The result is that three world-ranked restaurants — Maido, Central, and Kjolle — operate within a ten-minute walk of each other in Barranco and Miraflores. No other city on earth offers this concentration of world-ranked tables in a single neighbourhood.

Planning a Fine Dining Trip to South America

A ten-day itinerary covering the highlights: three days in Lima (Maido one evening, Central the next, Kjolle for lunch or a lighter evening), two days in Buenos Aires (Don Julio one night, a parilla lunch the next), two days in Bogotá for El Chato, one day in Santiago for Boragó, return via Rio for Lasai.

Lima booking logistics are the most competitive: Maido and Central require six to ten weeks minimum. Kjolle is more accessible at three to five weeks. All three Lima restaurants are bookable through their own websites. For Buenos Aires, London and New York travellers will find Don Julio's Resy listing; South American travel agents also maintain relationships with the restaurant. Browse All Cities for individual city guides, including Lima, Buenos Aires, and the full South American city selection.
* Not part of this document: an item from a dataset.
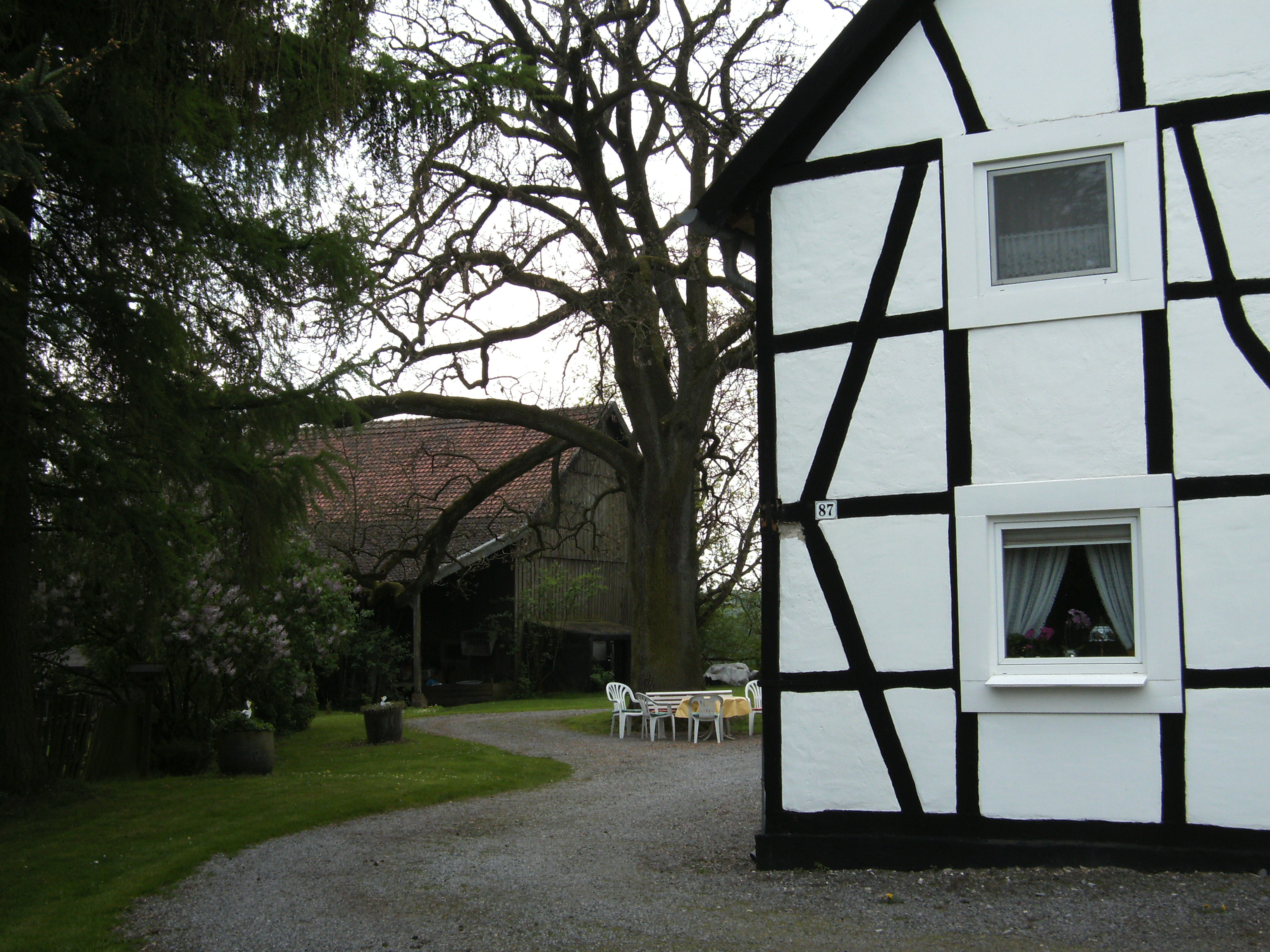 Wuppertal-Mutzberg
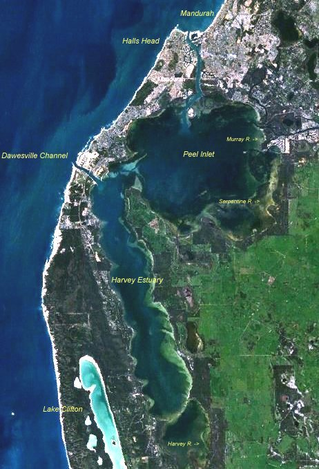 This is a composite satellite image of the Peel-Harvey Estuary, Western Australia from NASA Worldwind by User:Moondyne

Frequently Asked Questions

What is the best restaurant in South America in 2026?

Maido in Lima, Peru holds the #1 position in the World's 50 Best Restaurants 2025, making it the best restaurant in South America and, formally, the best restaurant in the world. Chef Mitsuharu "Micha" Tsumura's Nikkei tasting menu — Japanese-Peruvian fusion using ingredients from the Andes, Amazon, and Pacific coast — represents a culinary tradition unique to Peru.

Is Lima, Peru really the best city in South America for fine dining?

By formal ranking, yes. Lima holds the world's #1 restaurant (Maido), a former #1 (Central), and the World's Best Female Chef's solo restaurant (Kjolle). All three operate within the Miraflores and Barranco neighbourhoods. Buenos Aires is the strongest competitor for sheer depth of dining culture; Bogotá and Santiago are rapidly emerging. But for a single city making the strongest global case in 2026, Lima wins.

Do I need to visit Lima to eat at the best South American restaurants?

Three of the seven restaurants on this list are in Lima — Maido, Central, and Kjolle — and they are worth a dedicated trip. Buenos Aires offers Don Julio in the top ten globally and a broader steakhouse and contemporary Argentine dining culture. Bogotá's El Chato (#1 in Latin America's 50 Best 2025) and Santiago's Boragó (#23 in the World's 50 Best) round out a continent-wide itinerary that requires at least ten days.

What is the best restaurant for a business dinner in Buenos Aires?

Don Julio in Palermo is the consensus answer: world's #10, Latin America's #3, family-run for 25 years with premium Argentine beef, an extraordinary wine cellar, and the kind of atmosphere that makes business conversation easy. For a more contemporary approach, Tegui and Elena in Buenos Aires offer modern Argentine tasting menus in refined settings.